The group rushes to the location, where the crooks are preparing to flee with Grace in an airplane bound for Mexico. Clyde knocks out Scudder, the pilot, but is forced at gunpoint by Donovan, the leader of the gang, to take the controls and fly the plane. Unknown to them, Boy climbs into the tail section of the aircraft.

While piloting, Clyde keeps one eye on Donovan. When the crook is distracted, Clyde knocks the pistol away and a struggle ensues. Both men fall from the plane. Donovan’s parachute opens; Clyde clings to him until they near the ground, then leaps into a haystack, where Captain Fairchild and the police are waiting. Donovan is promptly arrested.

Meanwhile, Boy crawls into the cockpit and, following Grace’s instructions, manages to cut her bonds with his pocketknife. Grace, having been trained in flying by Clyde, takes control and lands the aircraft safely.

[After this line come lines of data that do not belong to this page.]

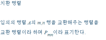 행 교환 과정 또한 행렬표현이 가능하다. 임의의 행렬 A의 행을 교환해주는 행렬을 치환 행렬(permutation matrix) 이라고 하며 P로 표기한다:
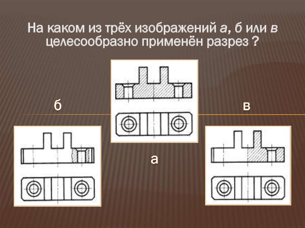 На каком из трёх изображений а, б или вцелесообразно применён разрез ?
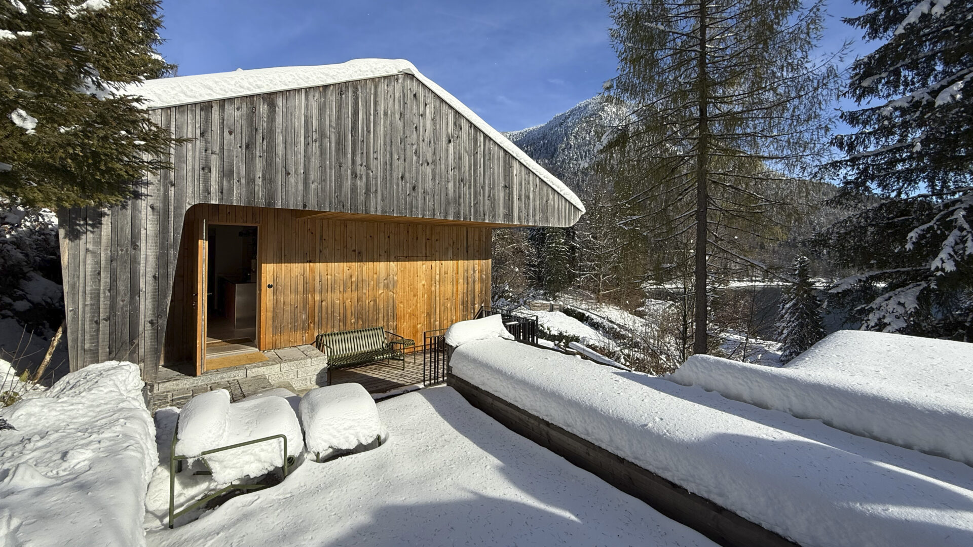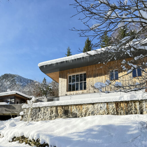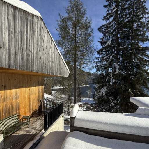 There’s a very special place right at the top of the chalet in Urfeld, just below the ridge: A cushioned lounger positioned under a generous skylight between the sky and the hillside. Lying here, you can gaze at the tips of the fir trees and the vastness of the sky—and forget for a moment that you’re inside a house. In fact, it feels like there’s no boundary between inside and out, as if the building has decided to move a little closer to the landscape. But it’s not only here that the magnificent vista offered by the hillside location has been thoughtfully considered. From the terrace decks, you can enjoy the turquoise, shimmering Walchensee lake and the forest landscape—unwinding in the sauna is even more relaxing, gazing upon those swathes of blue and green. During the renovation of the 1960s house located on the northern tip of the Alpine lake, the natural surroundings were taken into account—in every respect. Here, sustainability is a priority, and existing and regional materials were primarily used in the renovation. The new roof truss, the façade, and the custom-made fixtures are made of local silver fir, and the wood from the old building was reused for the floorboards. The minimalist design, characterized by clean lines, has already won several awards, including the German Design Award 2021. The interior focuses on the quintessential, offering plenty of space to relax and let your thoughts run free. Not only is there a cushioned lounger platform in the loft, which can be reached via an elegant wooden staircase, but also many other places in and around the house where you can feel close to nature—and wonderfully far away from the hustle and bustle of everyday life.
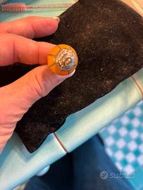 Vendo coppia di orecchini pendenti vintage con sfere arancioni in resina/bachelite e montatura decorata in metallo color argento.
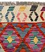Breng kleur en karakter in je interieur met deze handgeweven kilim loper van 253x87 cm. Gemaakt van 100% natuurlijke wol, straalt dit vloerkleed in tinten van rood, groen, roze, paars, geel en blauwgroen. De geometrische diamant- en zandloperpatronen geven het een rijke etnische uitstraling, terwijl de rand het geheel mooi omlijst. Ideaal voor bohemian, eclectische of rustieke woonstijlen. Een uniek kunstwerk voor je vloer.
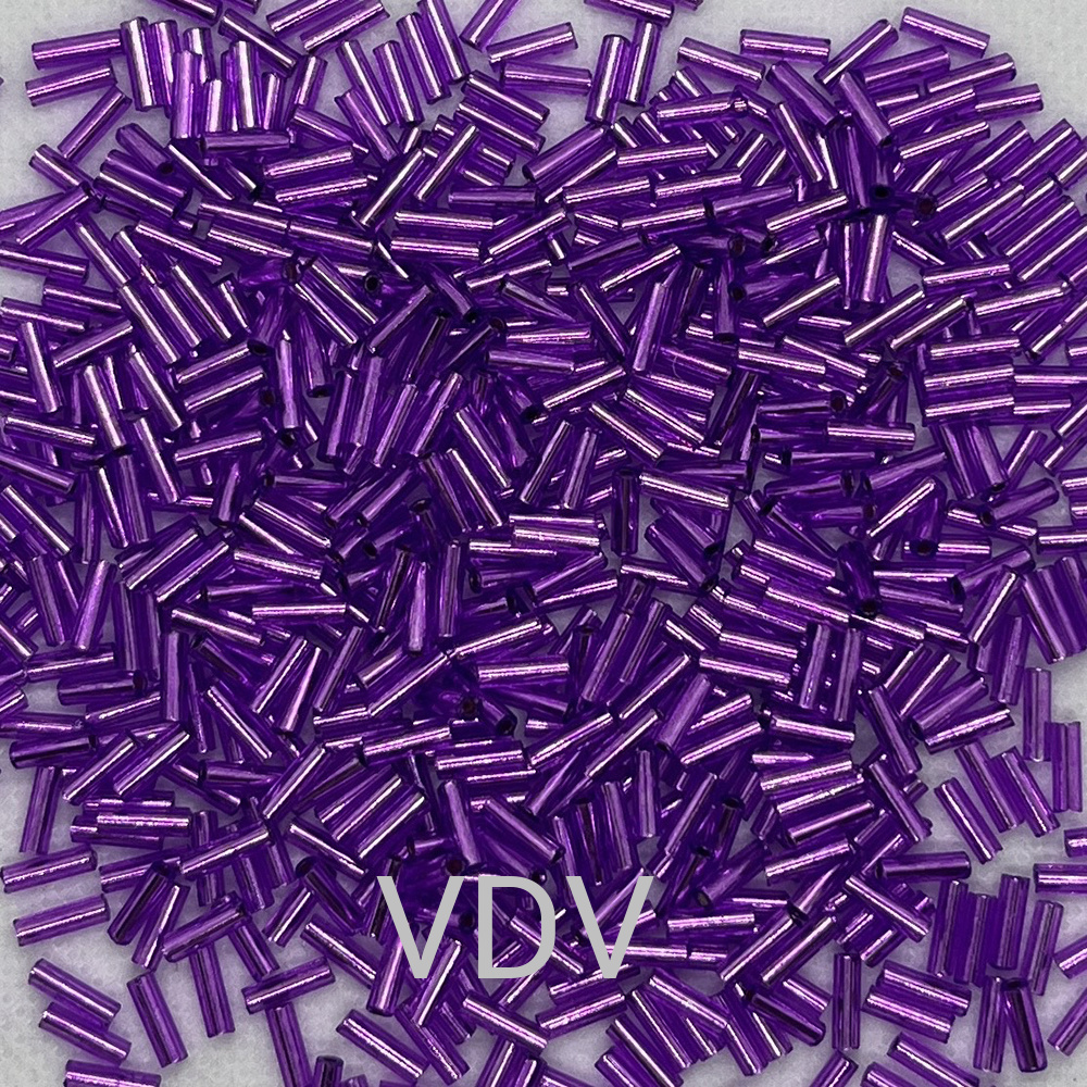 Цей стеклярус прозорий, з кольорового скла з блискучим "вогниковим" покриттям і сріблястим отвором.
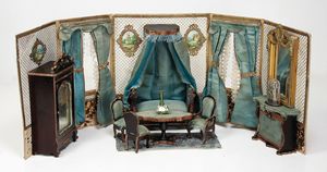 herrschaftl. Kl. Puppenstuben-Faltgehäuse, Frankreich, Höhe 23,5 cm, möbliert, Sitzgruppe, Bett mit Himmel, Schlafzimmerschrank, etc., sehr dekorativ
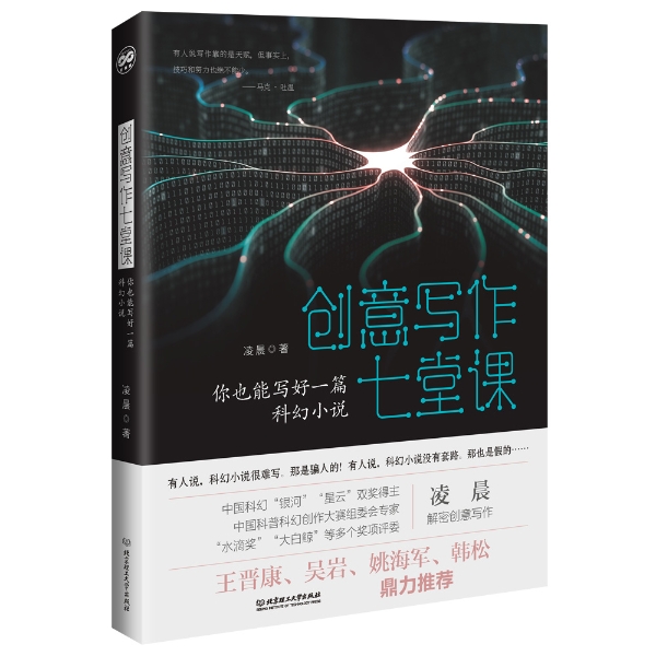 《创意写作七堂课——你也能写好一篇科幻小说》由北京理工大学出版社出版发行,是一本针对初学者不可多得的科幻小说创作教材。中国科幻小说教育家和理论家吴言先生在本书序言中所说——科幻文学与文化事业,是中国当前一个重要的、具有远见的事业,希望凌晨的努力能唤起更多人参与到科幻创作中来,能创作出更多更好的作品,丰富我们的创意文化,激发出更多伟大的科幻作品来。

Captain Fairchild, now thoroughly impressed by both airplanes and aviators, offers his blessing to Clyde and Grace. Boy, having saved the day, earns a place in the captain’s heart—and in the family.

==Cast==
- Frank Coghlan Jr. as Boy
- Tom Keene as Clyde
- Tom Kennedy as Bill Clemons
- Bert Woodruff as Capt. Fairchild
- Virginia Bradford as Grace Fairchild
- Maurice Black as Donovan
- Jack Richardson as Scudder
- Mark Hamilton as Mariner Bill

==Music==
The soundtrack featured the song "Dream River" which was composed by George Brown which serves as the theme song for the film.

==See also==
- List of early sound feature films (1926–1929)

==Bibliography==
- Munden, Kenneth White. The American Film Institute Catalog of Motion Pictures Produced in the United States, Part 1. University of California Press, 1997.